# WORK ORDER
I need the lines below from the one with "Программа мероприятий на" down to the one with "- The share" reproduced exactly, both ends included, and nothing else.
=== TASK INPUTS ===
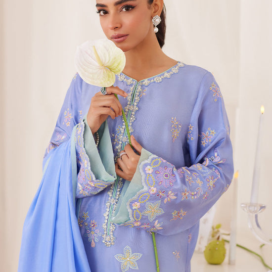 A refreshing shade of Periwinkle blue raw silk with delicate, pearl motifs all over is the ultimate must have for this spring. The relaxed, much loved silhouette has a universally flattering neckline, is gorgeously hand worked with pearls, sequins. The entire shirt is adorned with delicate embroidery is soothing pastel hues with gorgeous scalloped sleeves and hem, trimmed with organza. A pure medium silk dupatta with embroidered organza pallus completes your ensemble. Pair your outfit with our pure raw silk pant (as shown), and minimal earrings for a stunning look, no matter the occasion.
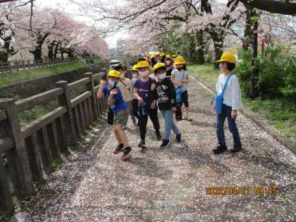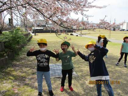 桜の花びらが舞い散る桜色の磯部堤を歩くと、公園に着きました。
===
=== TASK INPUTS ===
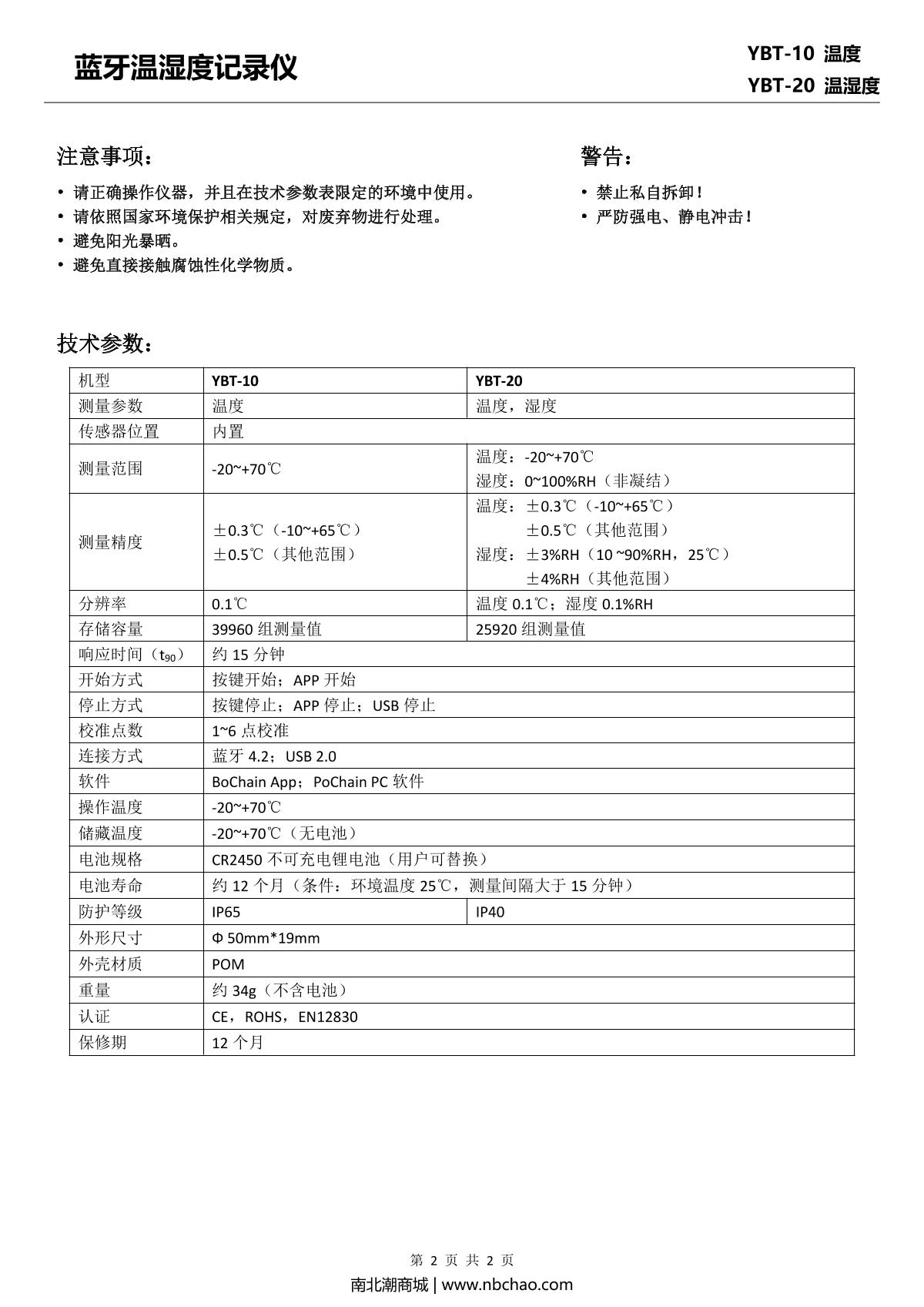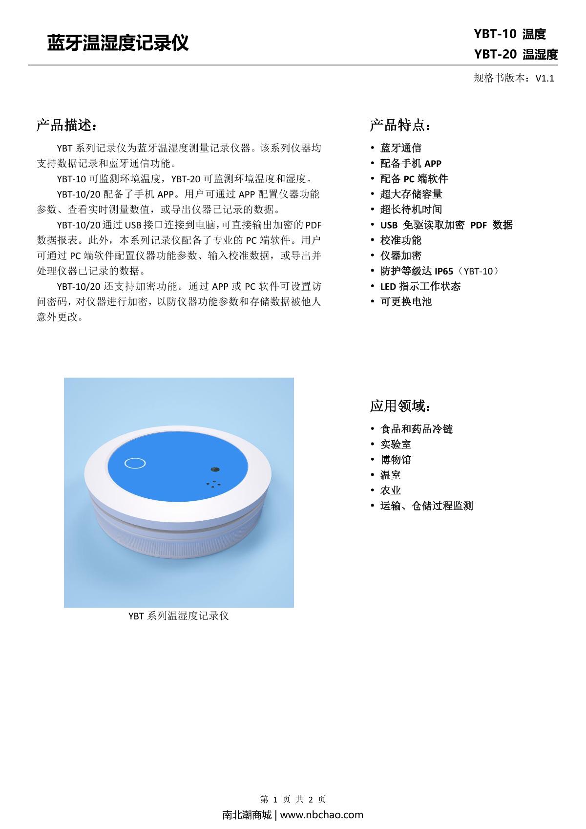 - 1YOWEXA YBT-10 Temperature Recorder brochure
===
=== TASK INPUTS ===
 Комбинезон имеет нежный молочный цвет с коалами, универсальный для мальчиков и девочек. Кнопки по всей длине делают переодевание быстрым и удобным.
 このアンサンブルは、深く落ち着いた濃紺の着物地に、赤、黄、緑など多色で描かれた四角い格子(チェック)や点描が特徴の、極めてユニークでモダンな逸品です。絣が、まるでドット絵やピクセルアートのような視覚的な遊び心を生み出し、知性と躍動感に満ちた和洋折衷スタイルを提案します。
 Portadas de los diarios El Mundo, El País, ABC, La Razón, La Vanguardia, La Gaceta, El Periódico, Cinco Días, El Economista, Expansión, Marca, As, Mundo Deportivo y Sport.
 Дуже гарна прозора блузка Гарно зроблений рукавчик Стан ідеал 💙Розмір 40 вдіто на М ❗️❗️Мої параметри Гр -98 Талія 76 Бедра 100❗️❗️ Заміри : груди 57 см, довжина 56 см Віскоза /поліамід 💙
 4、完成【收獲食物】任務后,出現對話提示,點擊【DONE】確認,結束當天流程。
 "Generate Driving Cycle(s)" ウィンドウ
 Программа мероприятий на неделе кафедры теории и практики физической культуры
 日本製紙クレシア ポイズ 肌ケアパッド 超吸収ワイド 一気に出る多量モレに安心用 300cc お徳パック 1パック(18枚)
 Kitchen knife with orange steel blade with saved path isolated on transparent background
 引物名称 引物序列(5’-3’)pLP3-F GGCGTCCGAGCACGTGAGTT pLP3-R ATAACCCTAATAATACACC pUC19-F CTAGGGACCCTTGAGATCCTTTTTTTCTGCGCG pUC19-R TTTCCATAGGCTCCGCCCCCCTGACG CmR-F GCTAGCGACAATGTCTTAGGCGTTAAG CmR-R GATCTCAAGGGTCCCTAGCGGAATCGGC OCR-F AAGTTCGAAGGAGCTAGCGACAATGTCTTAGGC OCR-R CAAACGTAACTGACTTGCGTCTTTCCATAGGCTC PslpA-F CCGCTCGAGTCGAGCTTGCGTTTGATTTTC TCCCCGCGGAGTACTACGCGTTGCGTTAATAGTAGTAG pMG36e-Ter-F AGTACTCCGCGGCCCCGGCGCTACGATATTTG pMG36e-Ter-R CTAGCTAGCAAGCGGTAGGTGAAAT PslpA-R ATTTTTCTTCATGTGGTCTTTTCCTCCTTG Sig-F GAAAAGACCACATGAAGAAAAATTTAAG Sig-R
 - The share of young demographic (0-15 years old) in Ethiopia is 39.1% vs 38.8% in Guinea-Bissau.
===
# SOLUTION FOR THIS PROBLEM
 Программа мероприятий на неделе кафедры теории и практики физической культуры
 日本製紙クレシア ポイズ 肌ケアパッド 超吸収ワイド 一気に出る多量モレに安心用 300cc お徳パック 1パック(18枚)
 Kitchen knife with orange steel blade with saved path isolated on transparent background
 引物名称 引物序列(5’-3’)pLP3-F GGCGTCCGAGCACGTGAGTT pLP3-R ATAACCCTAATAATACACC pUC19-F CTAGGGACCCTTGAGATCCTTTTTTTCTGCGCG pUC19-R TTTCCATAGGCTCCGCCCCCCTGACG CmR-F GCTAGCGACAATGTCTTAGGCGTTAAG CmR-R GATCTCAAGGGTCCCTAGCGGAATCGGC OCR-F AAGTTCGAAGGAGCTAGCGACAATGTCTTAGGC OCR-R CAAACGTAACTGACTTGCGTCTTTCCATAGGCTC PslpA-F CCGCTCGAGTCGAGCTTGCGTTTGATTTTC TCCCCGCGGAGTACTACGCGTTGCGTTAATAGTAGTAG pMG36e-Ter-F AGTACTCCGCGGCCCCGGCGCTACGATATTTG pMG36e-Ter-R CTAGCTAGCAAGCGGTAGGTGAAAT PslpA-R ATTTTTCTTCATGTGGTCTTTTCCTCCTTG Sig-F GAAAAGACCACATGAAGAAAAATTTAAG Sig-R
 - The share of young demographic (0-15 years old) in Ethiopia is 39.1% vs 38.8% in Guinea-Bissau.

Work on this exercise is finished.